▶ **WHAT TO PRODUCE**
Through the line with "Love Wear Lady" and starting from the first line, return the records below word for word, with pictures left out.

----------------------------------------

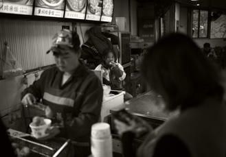 途经一家卖臭豆腐的小吃店,本来是冲着臭豆腐去的,但店里的一幕瞬间吸引了我。那是一对母女,母亲在前面忙碌,女儿应该是刚放学回来,她在小桌上摆好书包和作业本,在嘈杂声中,在妈妈忙碌的背影后写起了作业。熟练的动作和神情让我心中一动——这便是她们的日常。
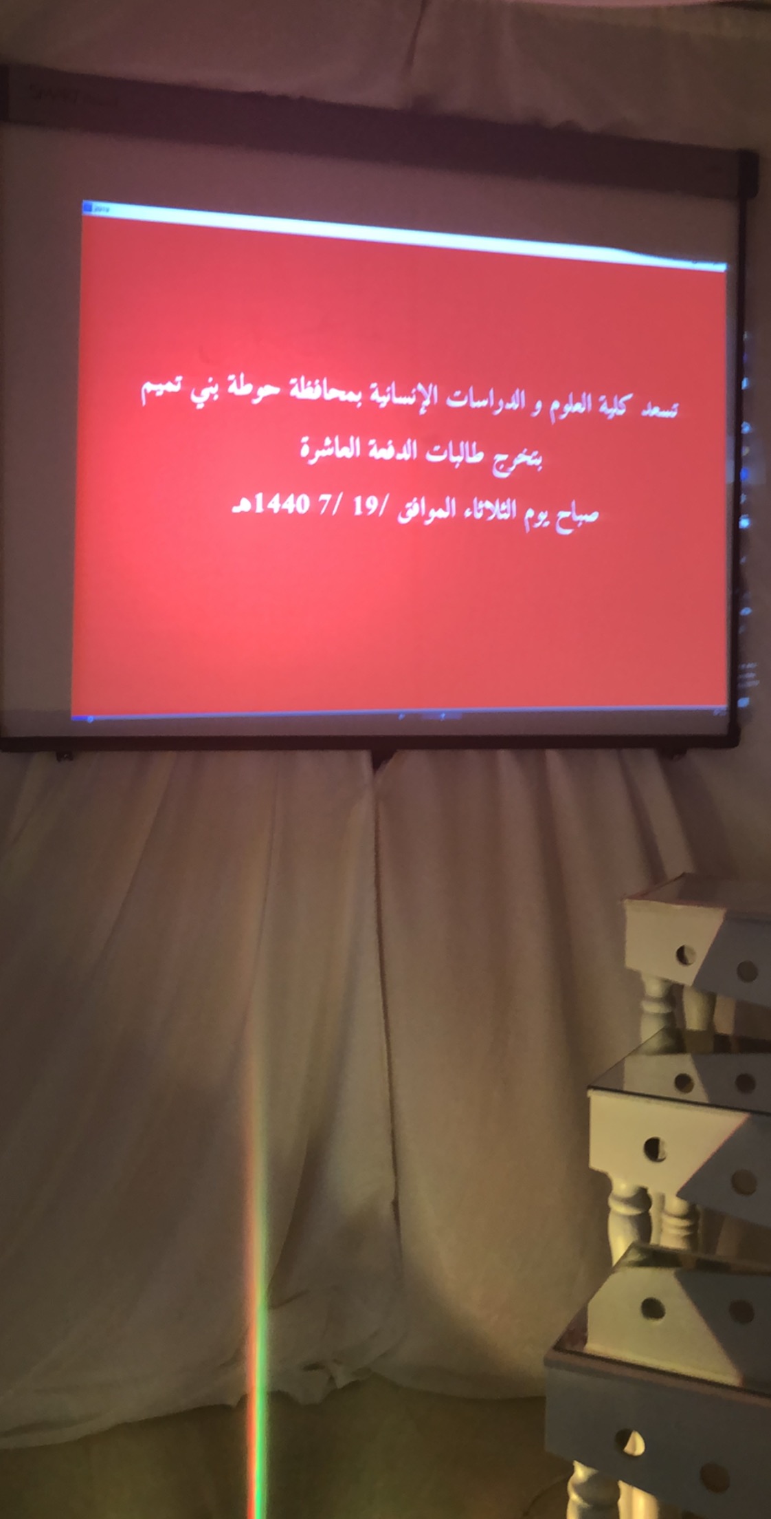 نظمت كلية العلوم والدراسات الانسانية بحوطة بني تميم حفل تخريج الدفعة العاشرة مرحلة البكالوريوس من طالبات الكلية في يوم الثلاثاء 18 / ٧ / 1440 هـ بمركز الأنشطة الطلابية بالمحافظة تحت رعاية سعادة عميدة الكلية الدكتورة حصة الهزاني وبحضور قيادات الكلية الدكتورة مي مصطفى ووكيلة الكلية للشؤون الادارية والمالية الأستاذة تهاني الجويعد ووكيلة الجودة الأستاذة فاطمة الكليب ورئيسات الأقسام وعدد كبير من أعضاء هيئة التدريس والطاقم الاداري وأمهات الخريجات.
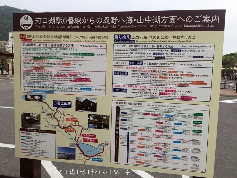 從河口湖車站往忍野八海的巴士站,在背對車站的左手邊,很容易找到,網路時刻表還算清楚準確,看這裡河口湖駅→山中湖旭日丘→御殿場駅方面,最好先查好銜接時間,車站裡的站務員有太多交通問題要回答了,雖然超親切講中文也能通,但只是領進門而已,時間的設計得考量住宿、周遊巴士等,想玩得安心,功課真的加減得做,當然歡迎參考我們的規劃。
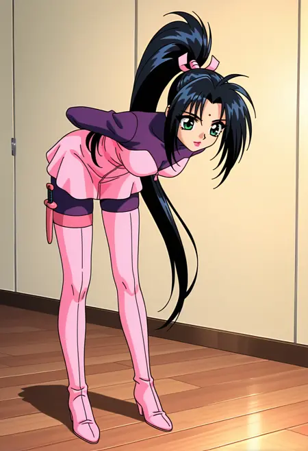 粉红色发带, 紫色紧身衣, 粉色裙子, 粉色拉链, 婚纱手套, 刀鞘, 粉色长靴
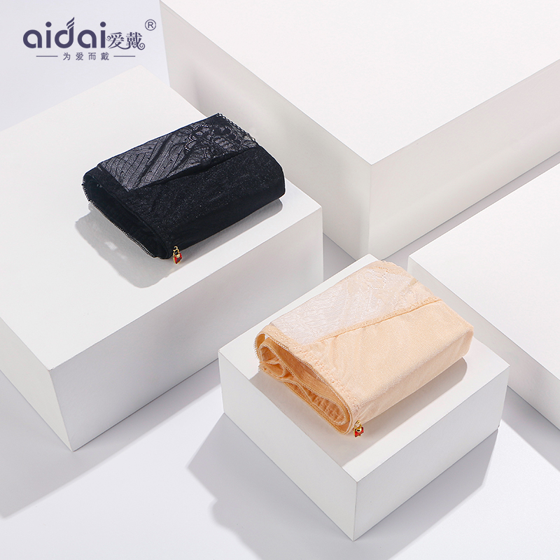 Love Wear Lady No Marks Comfort Flat Corner Safety Pants Mid-Waist Closets Hip Sexy Lace Mesh Veil Black Panties
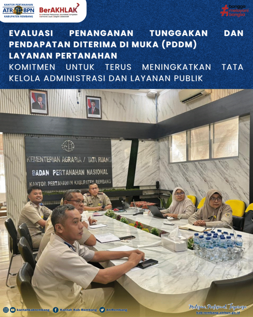 Rembang — Kepala Kantor Pertanahan Kabupaten Rembang, Mansur Fahmi, S.SiT., M.M. beserta pejabat pengawas Kantor Pertanahan Kabupaten Rembang mengikuti kegiatan Evaluasi Penanganan Tunggakan dan Pendapatan Diterima di Muka (PDDM) pada layanan pertanahan yang diselenggarakan secara daring oleh Sekretariat Jenderal Kementerian TAR/BPN sebagai upaya peningkatan kualitas pelayanan dan akuntabilitas pengelolaan keuangan negara pada sektor pertanahan pada Senin (24/11/2025).
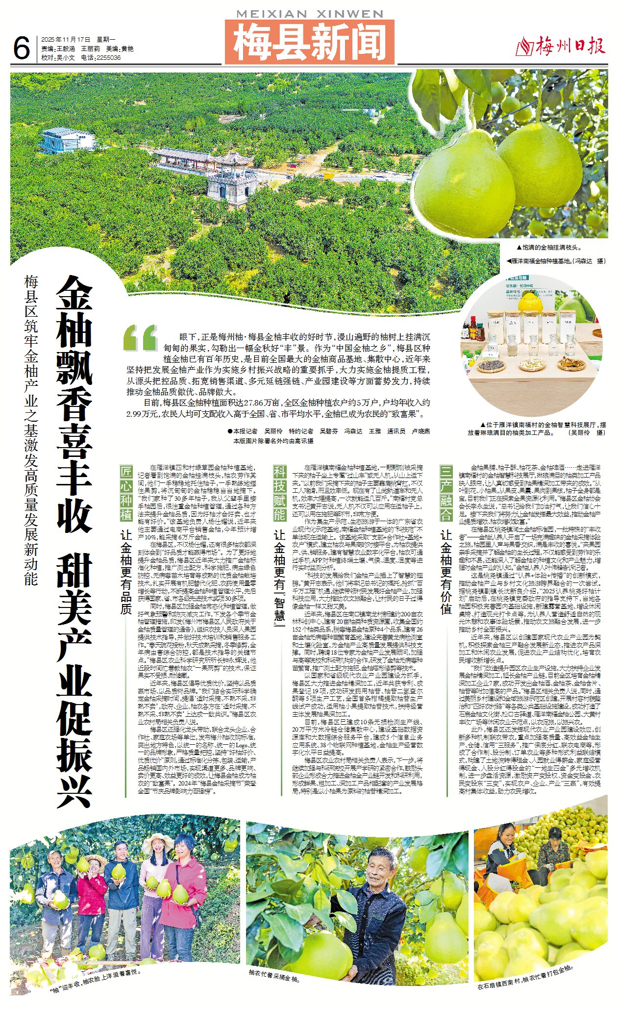 金柚果脯、柚子酥、柚花茶、金柚啤酒……走进雁洋镇南福村的金柚智慧科技展厅,琳琅满目的柚类加工产品映入眼帘,让人真切感受到柚果精深加工带来的成效。“从叶到花、小柚果,从果皮、果囊、果肉到果核,柚子全身都是宝,目前我们正在探索全果资源化利用。”梅县区金柚协会会长李永生说,“总书记给我们加油打气,让我们信心十足。接下来我们将努力让金柚发挥最大效益,推动金柚产业提质增效、柚农增收致富。”
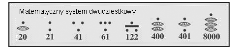 Pozycyjny system liczbowy Majów był systemem dwudziestkowym. Nasz system dziesiętny dzieli się na pozycje: 1, 10, 100, 1000, 10000 itd., a system Majów na pozycje: 1, 20, 400, 8000, 16000 itd. W systemie dziesiętnym istnieje dziesięć możliwych cyfr dla każdej pozycji liczbowej [0 – 9]; w systemie Majów istnieje ich 20 [0-19]. Np. w systemie dziesiętnym 31 = 10 x 3 + 1, natomiast u Majów 31 = 20 + 11. Majowie odkryli i używali liczby zero. |
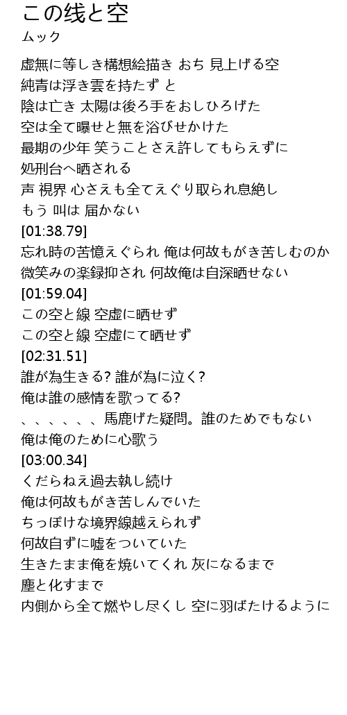 | [02:19.60] | この空と線 空虚にて晒せず |
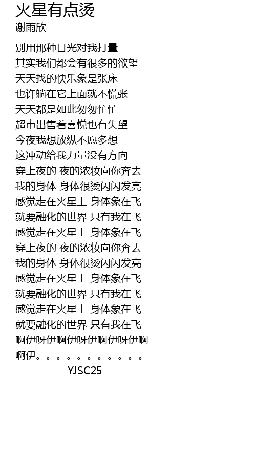 | [01:35.93] | 我的身体 身体很烫闪闪发亮 |
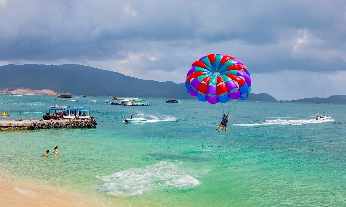 Lá cờ gồm một tam giác vuông xếp chồng lên tứ giác, hình dáng khác lạ giúp du khách dễ dàng nhận ra. Viền cờ xanh đậm, nền cờ đỏ thắm với hai góc nhọn hướng sang phải. Trên cờ có hai hình trang trí màu trắng tượng trưng cho Mặt Trời nằm ở nửa dưới cờ và Mặt Trăng nằm ở nửa trên.
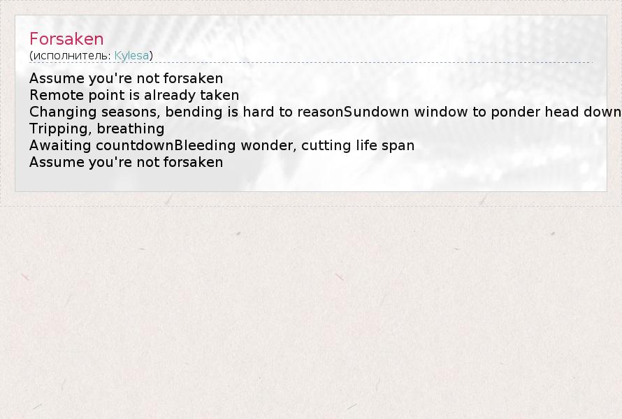 А как ты думаешь, о чем песня "Forsaken" ?
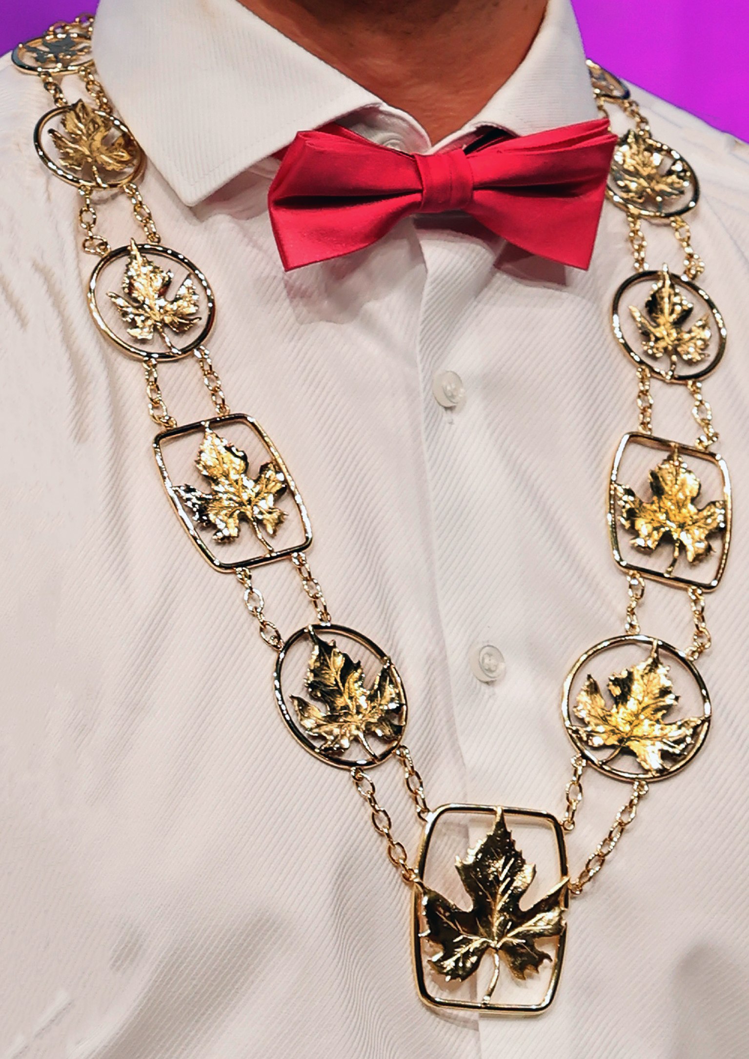 Zum Abschluss werden die einzelnen Elemente durch filigrane Ösenketten miteinander verbunden. Ein flexibles Verschlusssystem mit Zwischenösen und einem kleinen, gekrönten Traubenanhänger als finalem Detail erlaubt es, die Kettenlänge individuell anzupassen und verleiht der Kette einen charmanten Abschluss, der mit einem kleinen Augenzwinkern an die Würde und Tradition des Amtes erinnert.

----------------------------------------

▶ **RESULT FOR THIS TASK**
 途经一家卖臭豆腐的小吃店,本来是冲着臭豆腐去的,但店里的一幕瞬间吸引了我。那是一对母女,母亲在前面忙碌,女儿应该是刚放学回来,她在小桌上摆好书包和作业本,在嘈杂声中,在妈妈忙碌的背影后写起了作业。熟练的动作和神情让我心中一动——这便是她们的日常。
 نظمت كلية العلوم والدراسات الانسانية بحوطة بني تميم حفل تخريج الدفعة العاشرة مرحلة البكالوريوس من طالبات الكلية في يوم الثلاثاء 18 / ٧ / 1440 هـ بمركز الأنشطة الطلابية بالمحافظة تحت رعاية سعادة عميدة الكلية الدكتورة حصة الهزاني وبحضور قيادات الكلية الدكتورة مي مصطفى ووكيلة الكلية للشؤون الادارية والمالية الأستاذة تهاني الجويعد ووكيلة الجودة الأستاذة فاطمة الكليب ورئيسات الأقسام وعدد كبير من أعضاء هيئة التدريس والطاقم الاداري وأمهات الخريجات.
 從河口湖車站往忍野八海的巴士站,在背對車站的左手邊,很容易找到,網路時刻表還算清楚準確,看這裡河口湖駅→山中湖旭日丘→御殿場駅方面,最好先查好銜接時間,車站裡的站務員有太多交通問題要回答了,雖然超親切講中文也能通,但只是領進門而已,時間的設計得考量住宿、周遊巴士等,想玩得安心,功課真的加減得做,當然歡迎參考我們的規劃。
 粉红色发带, 紫色紧身衣, 粉色裙子, 粉色拉链, 婚纱手套, 刀鞘, 粉色长靴
 Love Wear Lady No Marks Comfort Flat Corner Safety Pants Mid-Waist Closets Hip Sexy Lace Mesh Veil Black Panties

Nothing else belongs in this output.